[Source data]
******************************
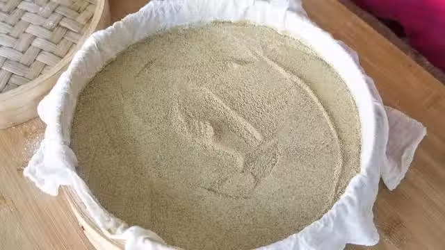 5、這個是干桂花和細砂糖一起混合研磨成的粉末,因為家裡沒有研磨機,我是直接買的磨好了的,這個餡兒是桂花原味,稍微的有一點點苦澀;
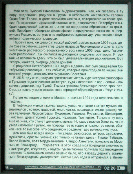 На какое количество перелистываний страниц рассчитан аккумулятор, я, к сожалению, толком и не выяснил. Производитель обещает 8000 перелистываний. В единственном обзоре, выложенном на сайте, приводятся более чем странные данные - дескать, время работы от полного заряда составило 36 полных суток. Данные потрясающе интересные, хотя и совершенно бесполезные. У электронной бумаги энергия тратится только в момент перелистывания страницы (ну, точнее, в момент вывода информации на экран). Если ничего не листать (и не запускать плеер, разумеется), энергия не тратится. Поэтому 36 суток, 6 суток или 256 суток - это ни о чем не говорит. Вы лучше скажите, на сколько перелистываний реально хватает аккумулятора - тогда хоть что-то будет понятно.
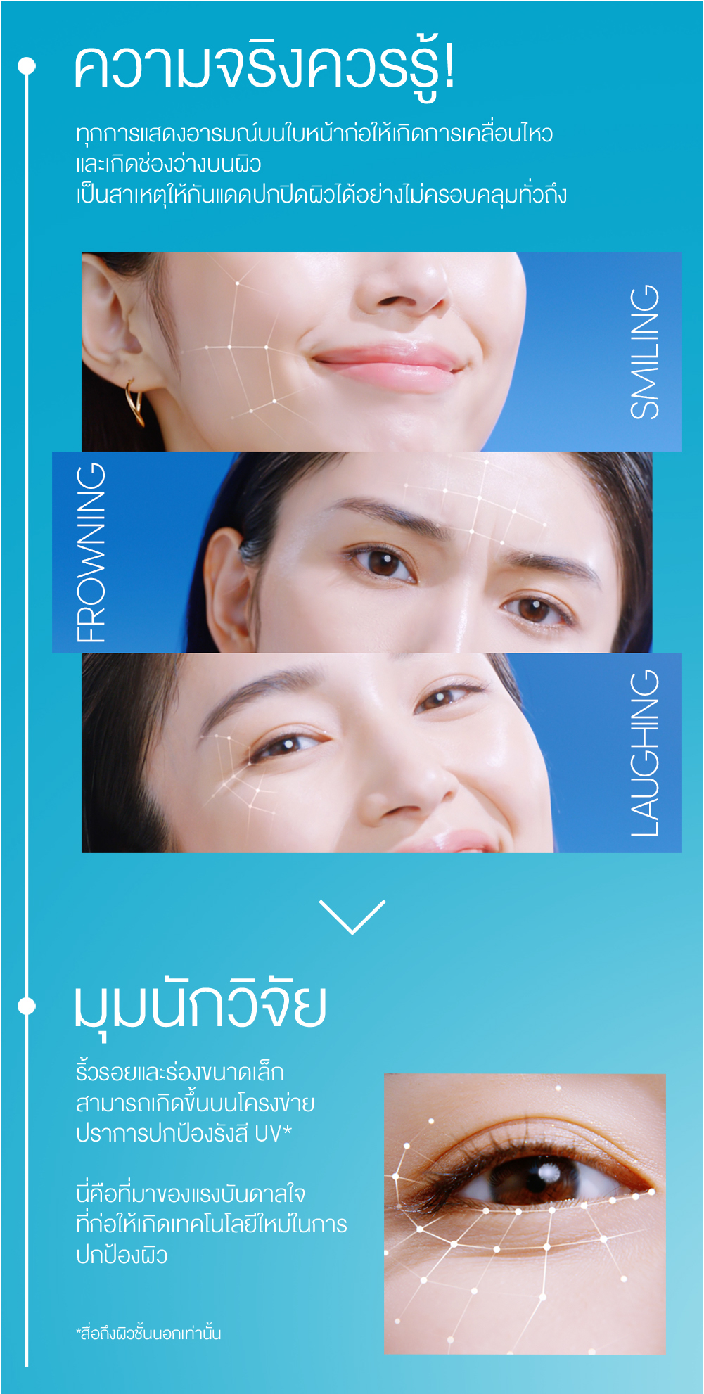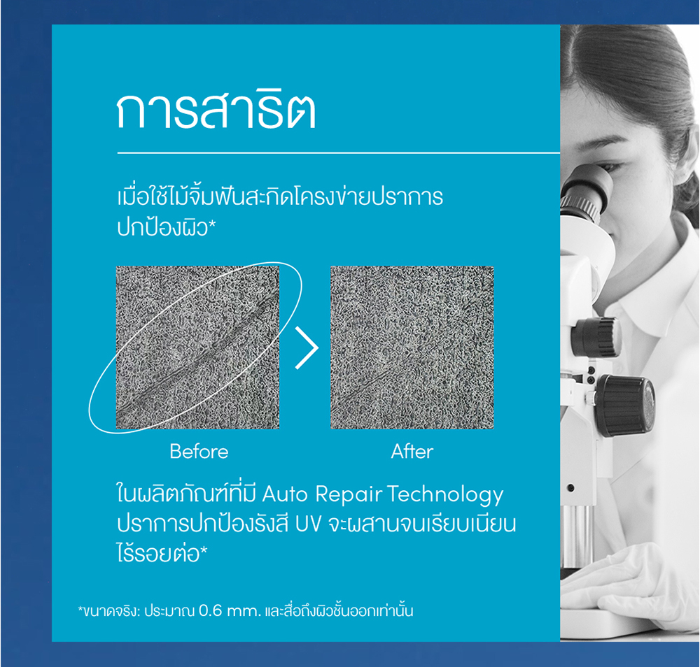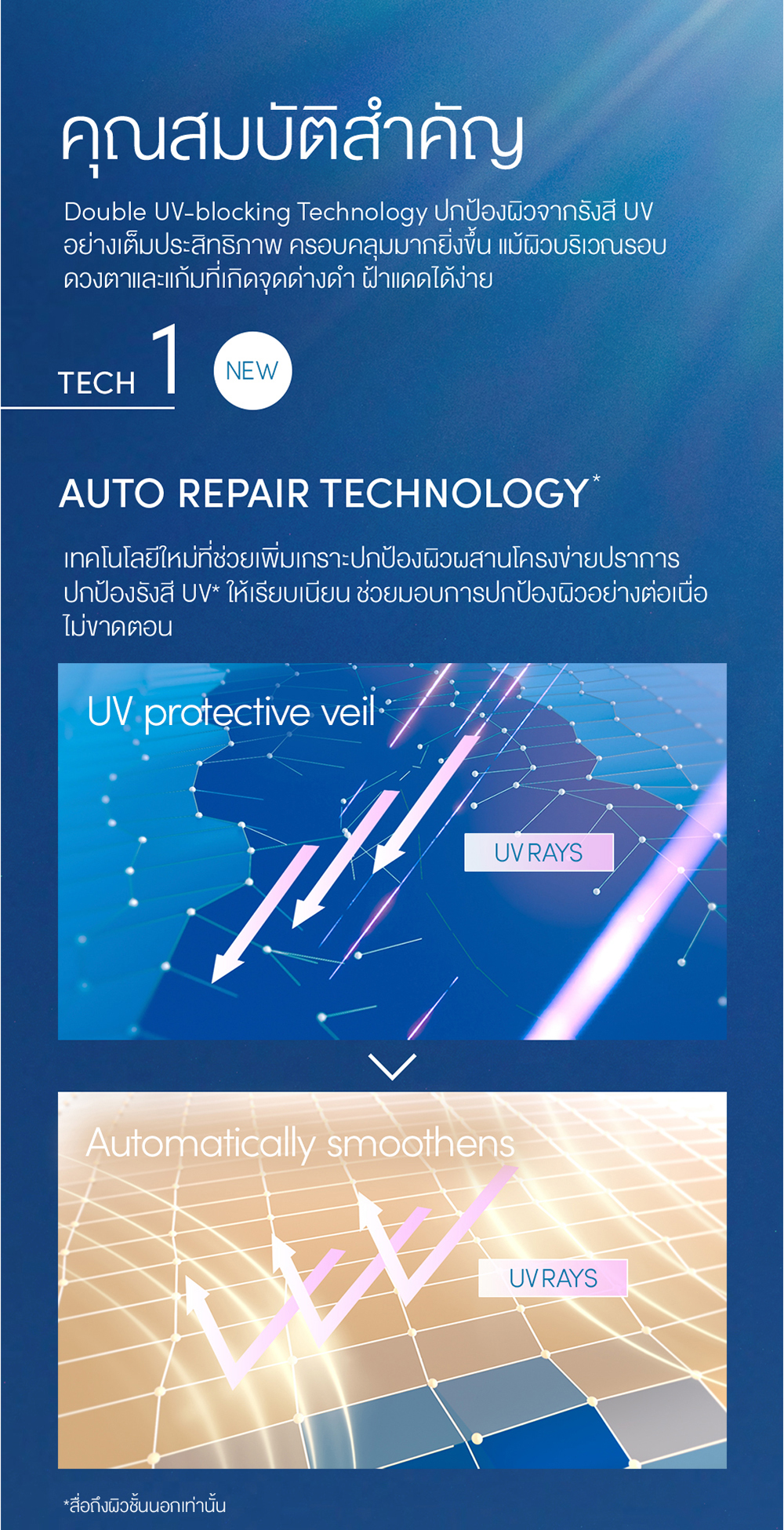 ● Auto Repair Technology ปกป้องผิวจากรังสี UV ที่เป็นอันตรายต่อผิวอย่างมีประสิทธิภาพและ ครอบคลุมมากยิ่งขึ้น ถึงผิวบริเวณรอบดวงตา และแก้มที่เกิดจุดด่างดำได้ง่าย
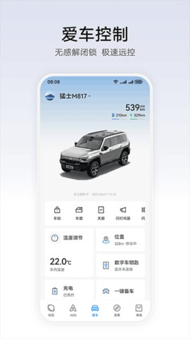 1、车辆远程控制支持提前开启空调制冷,夏季上车即可享受舒适温度,无需忍受车内高温煎熬。
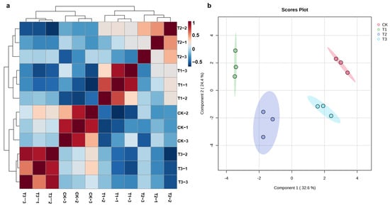 Correlation heatmap (a) and scores plot of sPLS-DA (b) for different group samples. Red represents a higher correlation; blue represents a negative correlation.
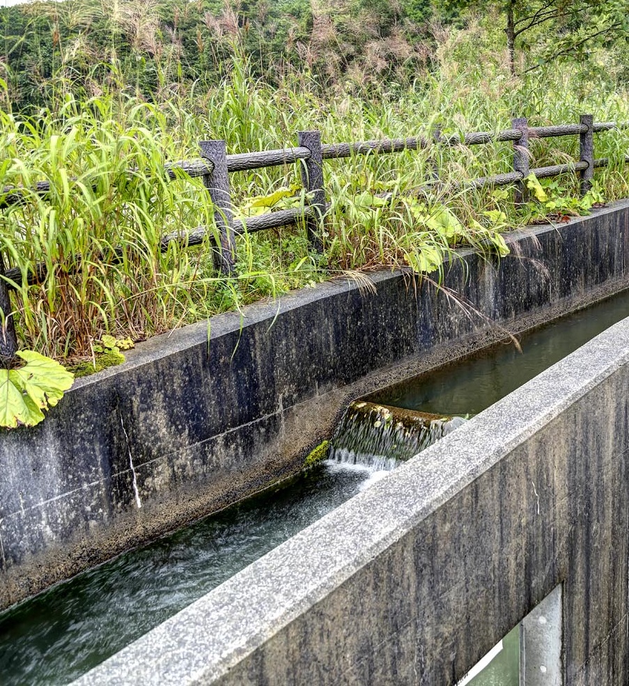 源流につながる魚道。側面の観察窓を覗くと力強く泳ぐアユやヤマメの姿が見えた
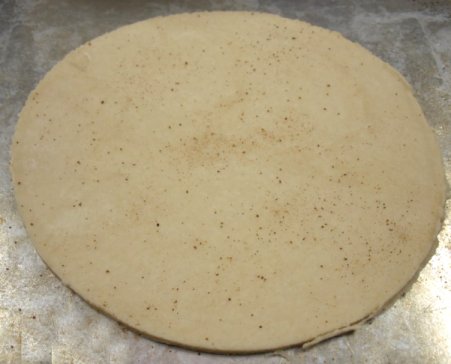 Place the round on parchment lined baking sheet and sprinkle with half the nutmeg.
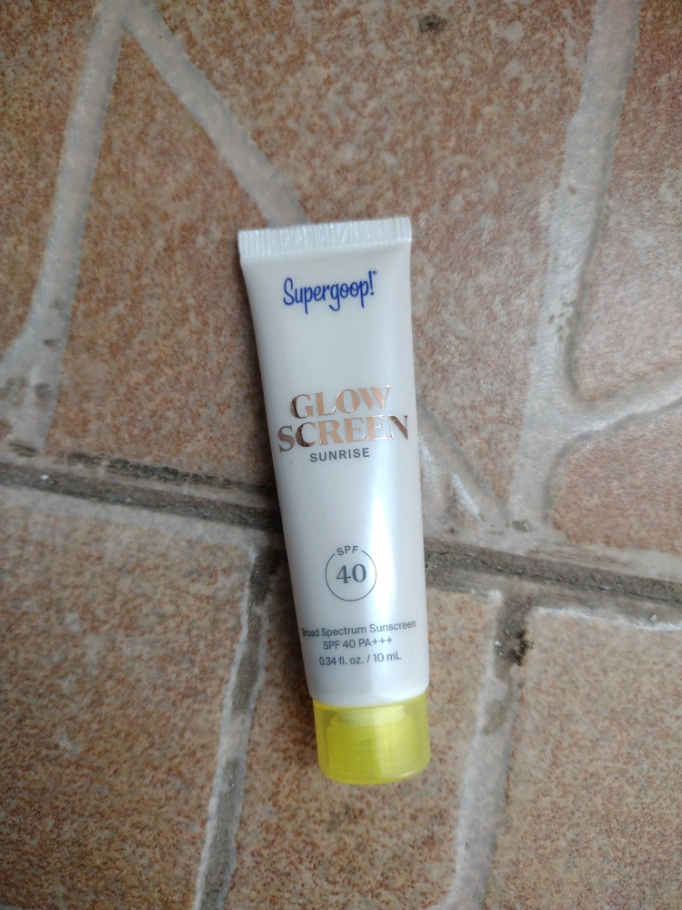 Supergoop! Glowscreen in Sunrise, with SPF 40! It's a broad spectrum sunscreen that's dermatologist-tested, non-irritating, and vegan. It has no synthetic fragrance and is a lightweight, pearlescent formula. It can be used as a highlighter or a luminous primer. Size is 0.34 fl oz / 10 mL
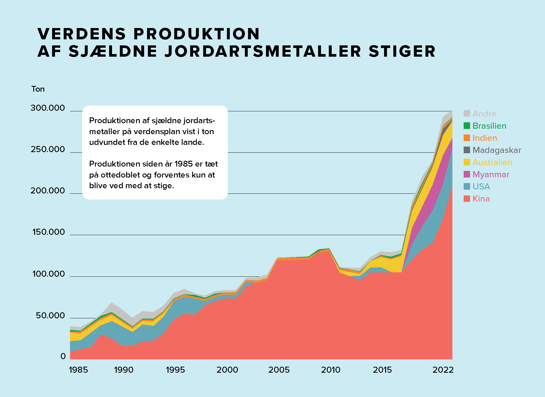 I 2022 blev der på verdensplan udvundet ca. 300.000 ton sjældne jordartsmetaller, og langt størstedelen blev udvundet i Kina. Indtil slut-1990’erne var USA verdens største leverandør af sjældne jordartsmetaller, men så overhalede Kina, som siden har domineret produktionen totalt (se graf nedenfor). USA er nu i gang med at opskalere produktionen. Dog sendes malmen stadig til Kina til behandling, når den er gravet ud.
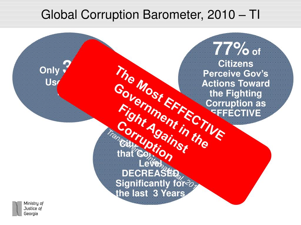 International Rankings “Since 2003, Georgia has had unique success in fighting corruption in public services. [It] destroys the myth that corruption is cultural and gives hope to reformers everywhere who aspire to clean up their public services.” World Bank 2012
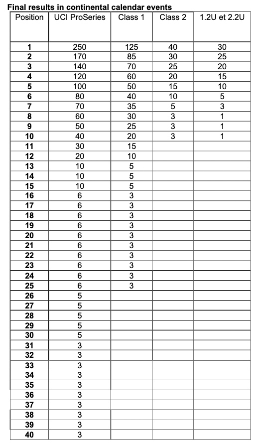 Anyway this blog post is just to put the UCI points scales all on one page for handy reference during the year. So if you want something to read today… try something else.
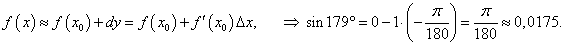 Пусть x = 179°, x0 = 180°. Следовательно, Δx = x − x0 = 179° − 180° = −1° = − π/180 радиан. Вычислим значение функции и ее производной в точке x0:
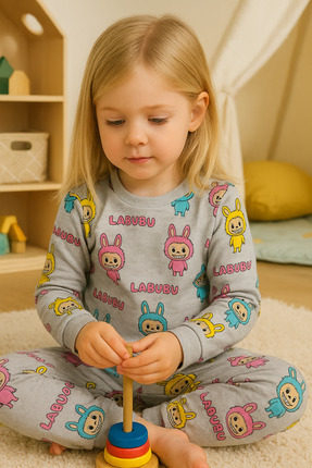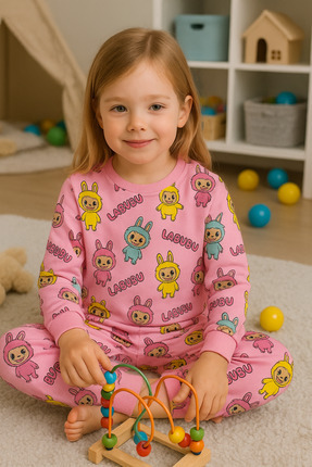 Arya Nisa Kids KIZ ÇOCUK LABUBU KARAKTER BASKILI MEVSİMLİK %100 PAMUKLU PİJAMA TAKIMI
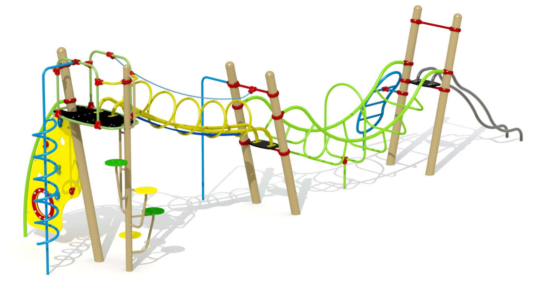 Uitdagend eigentijds klimtoestel voor kinderen van 6-15 jaar. Het speeltoestel is opgebouwd uit 2 verticale palen met een diameter van respectievelijk 89 en 127 mm. Het toestel kan beklommen worden via een wenteltrap met ronde HDPE polyethyleen treden of via een gebogen klimmuur opgebouwd uit een HDPE polyethyleen paneel met diverse klim- en doorkruipmogelijkheden. De klimmuur is langs beide zijden voorzien van kunststof klimgrepen en wordt bevestigd met behulp van een aluminium bevestigingsklem. Bovenaan het speeltoestel bevindt zich een groot uitkijkplatform. De balustrade bovenaan het platform is opgebouwd uit 34mm dikke gebogen buizen die onderling verbonden zijn door middel van klemverbindingen uit polyamide. Vanop het platform kan naar beneden gegleden worden via 2 evenwijdig golvende roestvrijstalen glijbuizen of via een verbindingstunnel met HDPE polyethyleen glijdvlak.
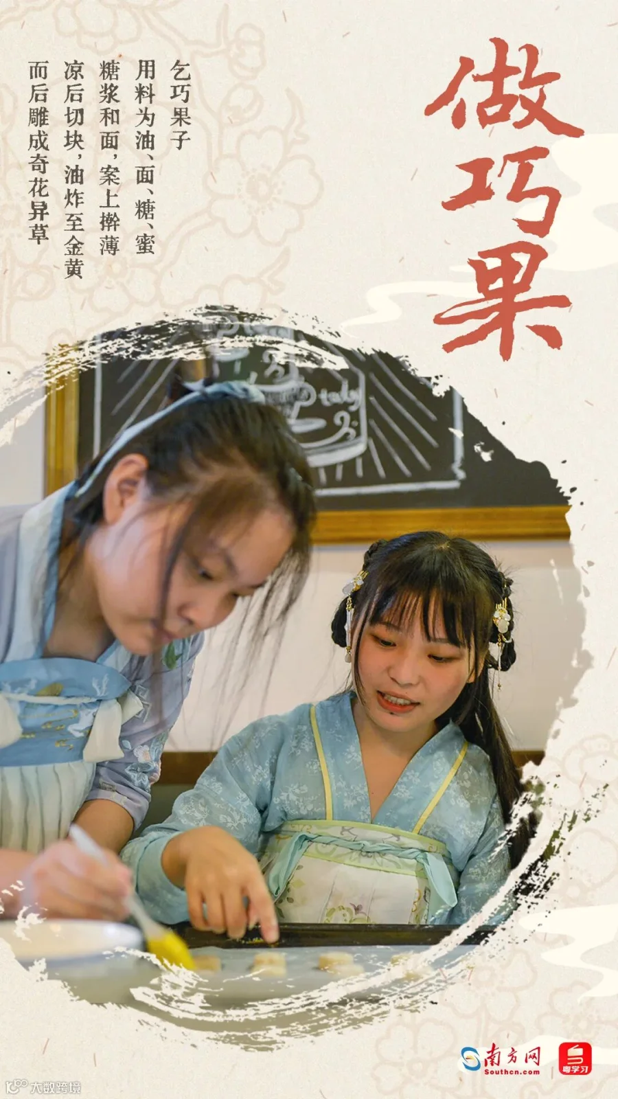 七夕乞巧的应节食品,以巧果最为出名。巧果又名“乞巧果子”,款式极多。在浙江杭州、宁波、温州等地,这一天晚上要在庭院内陈列“巧果”和各种瓜果。人们一边吃巧果一边仰望星空,祈盼自己变得心灵手巧。
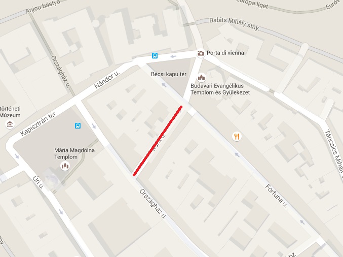 Országház utca mindkét oldalán a Kapisztrán tér és a Fortuna köz között,
******************************
WHAT YOU HAVE TO DO
Once the pictures are set aside, copy the remaining text of every entry exactly.

SOLUTION
 5、這個是干桂花和細砂糖一起混合研磨成的粉末,因為家裡沒有研磨機,我是直接買的磨好了的,這個餡兒是桂花原味,稍微的有一點點苦澀;
 На какое количество перелистываний страниц рассчитан аккумулятор, я, к сожалению, толком и не выяснил. Производитель обещает 8000 перелистываний. В единственном обзоре, выложенном на сайте, приводятся более чем странные данные - дескать, время работы от полного заряда составило 36 полных суток. Данные потрясающе интересные, хотя и совершенно бесполезные. У электронной бумаги энергия тратится только в момент перелистывания страницы (ну, точнее, в момент вывода информации на экран). Если ничего не листать (и не запускать плеер, разумеется), энергия не тратится. Поэтому 36 суток, 6 суток или 256 суток - это ни о чем не говорит. Вы лучше скажите, на сколько перелистываний реально хватает аккумулятора - тогда хоть что-то будет понятно.
 ● Auto Repair Technology ปกป้องผิวจากรังสี UV ที่เป็นอันตรายต่อผิวอย่างมีประสิทธิภาพและ ครอบคลุมมากยิ่งขึ้น ถึงผิวบริเวณรอบดวงตา และแก้มที่เกิดจุดด่างดำได้ง่าย
 1、车辆远程控制支持提前开启空调制冷,夏季上车即可享受舒适温度,无需忍受车内高温煎熬。
 Correlation heatmap (a) and scores plot of sPLS-DA (b) for different group samples. Red represents a higher correlation; blue represents a negative correlation.
 源流につながる魚道。側面の観察窓を覗くと力強く泳ぐアユやヤマメの姿が見えた
 Place the round on parchment lined baking sheet and sprinkle with half the nutmeg.
 Supergoop! Glowscreen in Sunrise, with SPF 40! It's a broad spectrum sunscreen that's dermatologist-tested, non-irritating, and vegan. It has no synthetic fragrance and is a lightweight, pearlescent formula. It can be used as a highlighter or a luminous primer. Size is 0.34 fl oz / 10 mL
 I 2022 blev der på verdensplan udvundet ca. 300.000 ton sjældne jordartsmetaller, og langt størstedelen blev udvundet i Kina. Indtil slut-1990’erne var USA verdens største leverandør af sjældne jordartsmetaller, men så overhalede Kina, som siden har domineret produktionen totalt (se graf nedenfor). USA er nu i gang med at opskalere produktionen. Dog sendes malmen stadig til Kina til behandling, når den er gravet ud.
 International Rankings “Since 2003, Georgia has had unique success in fighting corruption in public services. [It] destroys the myth that corruption is cultural and gives hope to reformers everywhere who aspire to clean up their public services.” World Bank 2012
 Anyway this blog post is just to put the UCI points scales all on one page for handy reference during the year. So if you want something to read today… try something else.
 Пусть x = 179°, x0 = 180°. Следовательно, Δx = x − x0 = 179° − 180° = −1° = − π/180 радиан. Вычислим значение функции и ее производной в точке x0:
 Arya Nisa Kids KIZ ÇOCUK LABUBU KARAKTER BASKILI MEVSİMLİK %100 PAMUKLU PİJAMA TAKIMI
 Uitdagend eigentijds klimtoestel voor kinderen van 6-15 jaar. Het speeltoestel is opgebouwd uit 2 verticale palen met een diameter van respectievelijk 89 en 127 mm. Het toestel kan beklommen worden via een wenteltrap met ronde HDPE polyethyleen treden of via een gebogen klimmuur opgebouwd uit een HDPE polyethyleen paneel met diverse klim- en doorkruipmogelijkheden. De klimmuur is langs beide zijden voorzien van kunststof klimgrepen en wordt bevestigd met behulp van een aluminium bevestigingsklem. Bovenaan het speeltoestel bevindt zich een groot uitkijkplatform. De balustrade bovenaan het platform is opgebouwd uit 34mm dikke gebogen buizen die onderling verbonden zijn door middel van klemverbindingen uit polyamide. Vanop het platform kan naar beneden gegleden worden via 2 evenwijdig golvende roestvrijstalen glijbuizen of via een verbindingstunnel met HDPE polyethyleen glijdvlak.
 七夕乞巧的应节食品,以巧果最为出名。巧果又名“乞巧果子”,款式极多。在浙江杭州、宁波、温州等地,这一天晚上要在庭院内陈列“巧果”和各种瓜果。人们一边吃巧果一边仰望星空,祈盼自己变得心灵手巧。
 Országház utca mindkét oldalán a Kapisztrán tér és a Fortuna köz között,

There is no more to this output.